Materials and Methods

We investigated the clinical and para-clinical manifestations of children referred to all hospitals in the Central Province of Iran from March 2019 to June 2020.

Results

We surveyed 96 pediatric patients hospitalized in hospitals in the Central Province of Iran. The average age of the patients was 110 months. 53% of patients (51 people) were male. The analysis did not show a significant relationship between the laboratory results and the gender of the patients.

Conclusion

Male and female pediatric patients had the same condition in terms of clinical manifestations, laboratory results and antibiotic use.
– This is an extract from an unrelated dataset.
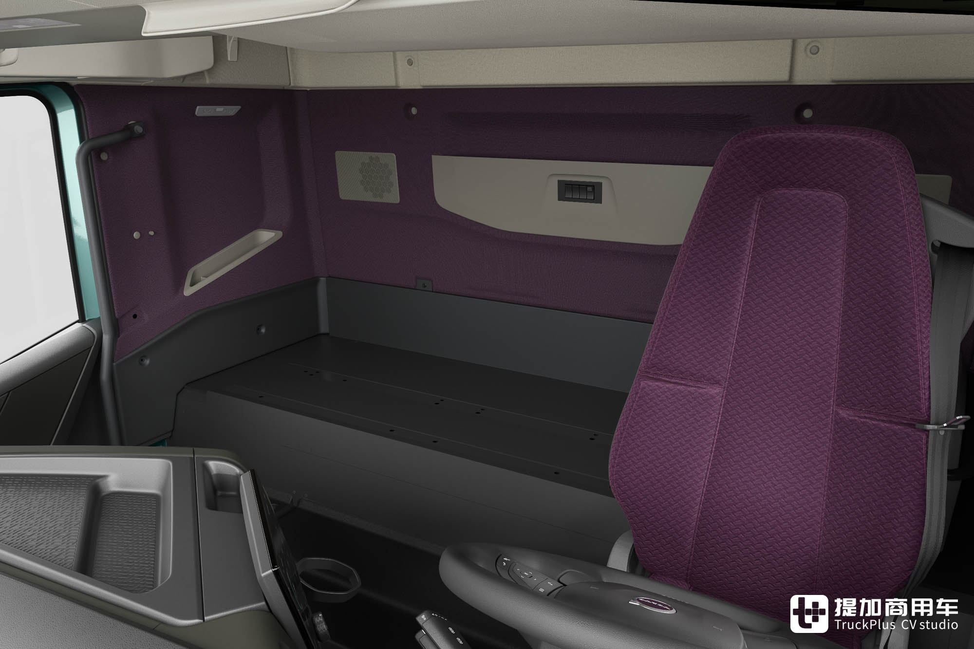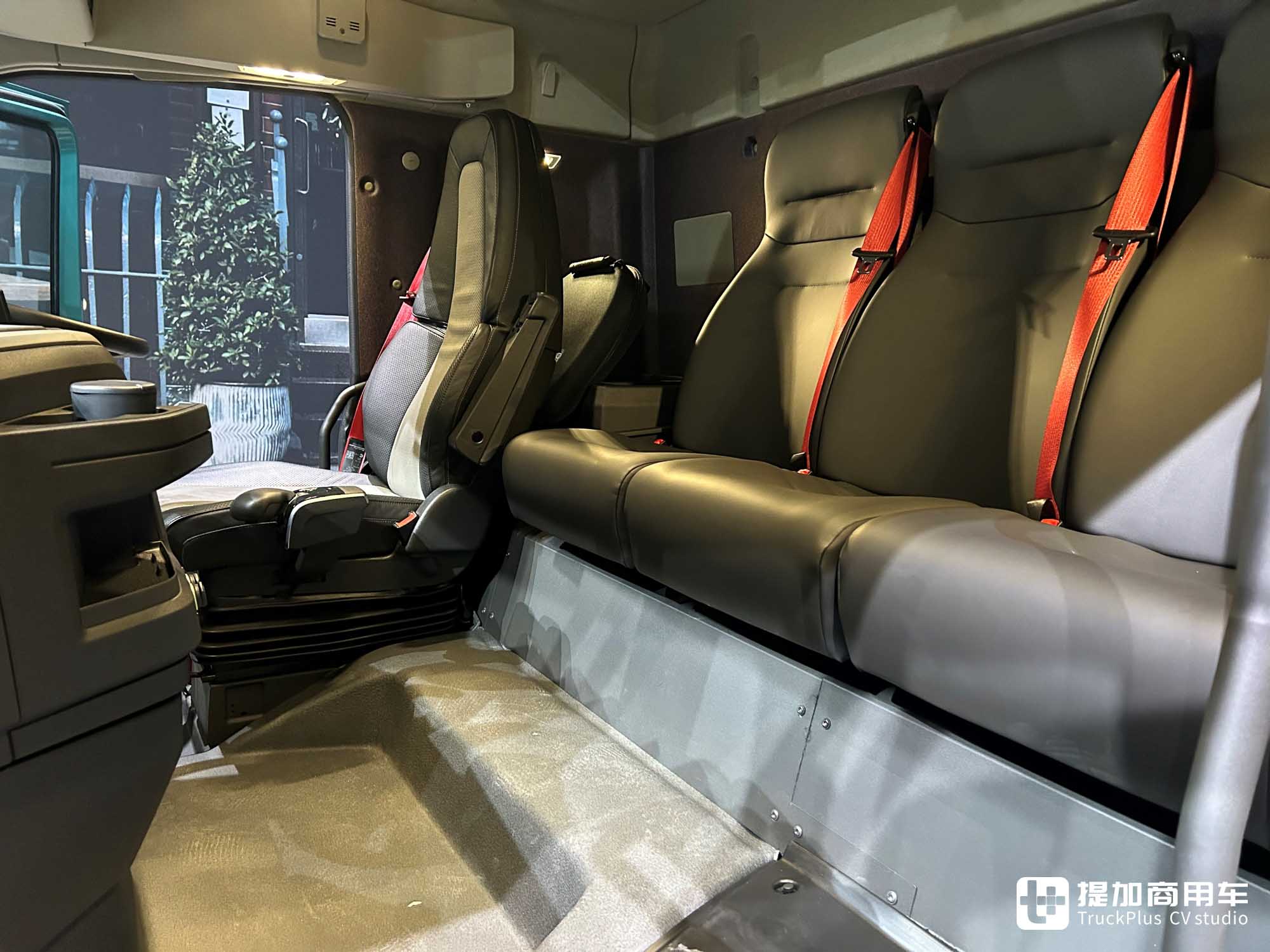 假如不选装座椅,那驾驶室后部就是一块平坦的区域,可用来放置各类物品。这块区域脱胎于带卧铺驾驶室的卧铺区域,用于短暂休息也不是不行。

Keywords: SARS-CoV-2, COVID-19, Children, Pediatrics, Gender.

1. INTRODUCTION

On December 31, 2019, the World Health Organization (WHO) was notified of a new case of pneumonia in Wuhan, China. More cases with similar symptoms of unknown cause were reported until, in January 2020, China isolated a novel virus and named it SARS-CoV-2. Seventy days after the first case, the WHO declared Coronavirus disease 2019 (COVID-19) as a pandemic and a global emergency [1]. In 2003 and 2012, SARS-CoV and MERS-CoV, two other viruses from the COVID-19 family, emerged and infected humans, respectively. COVID-19 is a highly contagious airborne disease that ranges in severity from simple flu to fatal illness with a mortality rate of up to 50% [2]. The most common manifestations of infected individuals were cough, fever, fatigue, myalgia, diarrhea, and abdominal pain. The mortality rate due to COVID-19 is estimated to be around 3.8%, but it varies depending on the comorbidity of the patients. Diabetes, hypertension, chronic kidney disease, obesity, hyperlipidemia and senility have been associated with more severe cases of COVID-19 and more deaths [3]. The incubation period in humans can be as short as 3-7 days. According to the statistics of WHO, as of April 18, 2020, the definitive number of people infected with Covid-19 was 2,164,111 cases in more than 180 countries around the world, of which 146,198 patients have passed away [4]. The first case of infection with COVID-19 in Iran was detected on February 8, 2017, in Qom, adjacent to Central Province. Until June 2018, 1535 confirmed cases were diagnosed in Central Province, of which 194 people died [5].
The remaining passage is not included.